Impacts of Compiler Optimization on Cache Latency Profiling
This post is a draft, so it will likely change in the future. Also, I make no guarantees that the post is currently coherent, legible, or enjoyable to read. Read at your own risk :)
As a TA for the computer hardware security course taught at Utah State University I helped create and run a lab where the students used a cache side channel to transmit information between processes using only memory access time latencies to communicate bytes. Likely I’ll one day write a blog post about the whole lab, as it was one of my favorite things I did in university, but alas today is just about a part of it, timing memory accesses.

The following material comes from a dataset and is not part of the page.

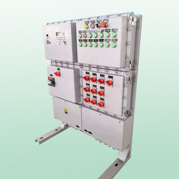 2.外殼采用鑄鋁合金壓鑄成型,表面噴塑。主腔采用隔爆型結(jié)構(gòu),接線腔增安型結(jié)構(gòu)。內(nèi)可選配裝斷路器、交流接觸器、熱繼電器、變壓器、熔斷器、Ex防爆控制按鈕、信號(hào)燈、轉(zhuǎn)換開(kāi)關(guān)等。配電箱采用模塊化設(shè)計(jì),各種回路可以自由組合,電器元件選型可由用戶而定,其結(jié)構(gòu)緊湊、外形美觀。進(jìn)出線采用鋼管或電纜布線均可,進(jìn)出線口方向可由用戶要求而定。
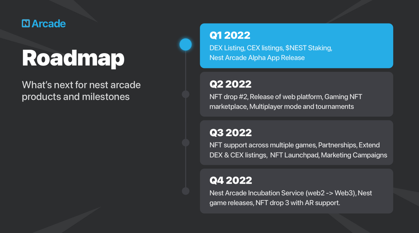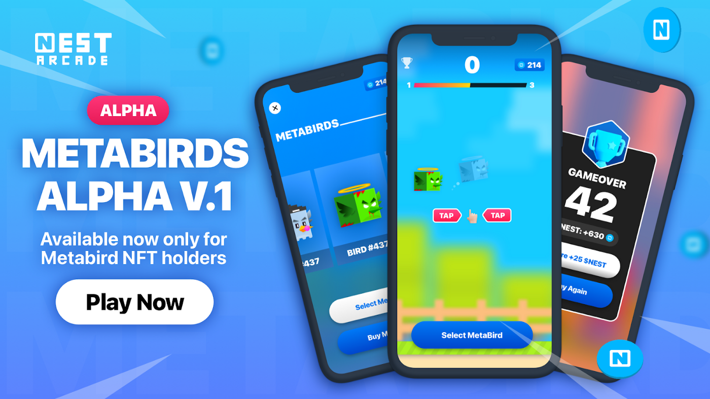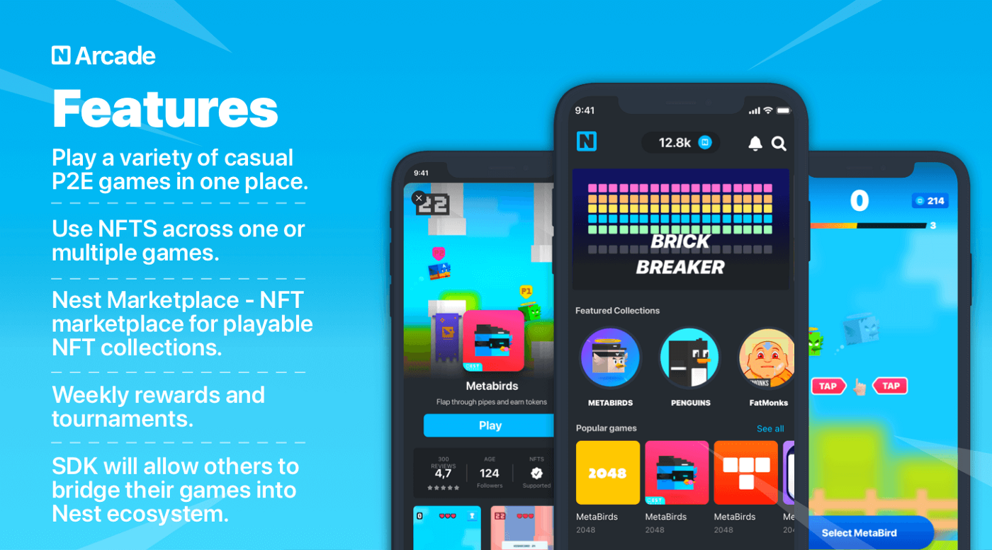 Nest는 블록체인 최초의 ‘P2E’ 아케이드 애플리케이션이 될 것입니다. Nest의 목적은 넷플릭스와 같이 간단한 앱을 통해 블록체인의 대량 채택을 가속화하는 동시에 이를 미니-중간 스케일의 게임에 한정하는 것입니다. 플레이어들은 인게임 캐릭터를 NFT를 사용해 소유할 수 있고, 다양한 P2E 게임에서 활용할 수 있게 됩니다.

We ran the lab on machine that had Intel chips, which have hierarchical set-associative memory caches (L1, L2, and L3) inbetween the logical cores and DRAM in order to improve memory access times for data that was accessed regularly. There are many posts about what CPU caches are, so I won’t really offer an explanation beyond this here.
As a general rule of thumb, access to each successive level of cache takes longer than accessing the previous level of cache. The L2 cache is also shared between two cores. Given this information we can take advantage of it to create a covert side channel, where we can pass information between processes using the shared L2 cache. The lab we ran used a basic “prime and probe” attack, where one process would “prime” the L2 cache, effectively filling it for a time, then it would sleep. During that time, the victim process would access some data inside the L2 cache, evicting the data stored by the attacker process. The attacker process would then probe the cache, and based on which data was evicted by the victim the attacker could receive a message.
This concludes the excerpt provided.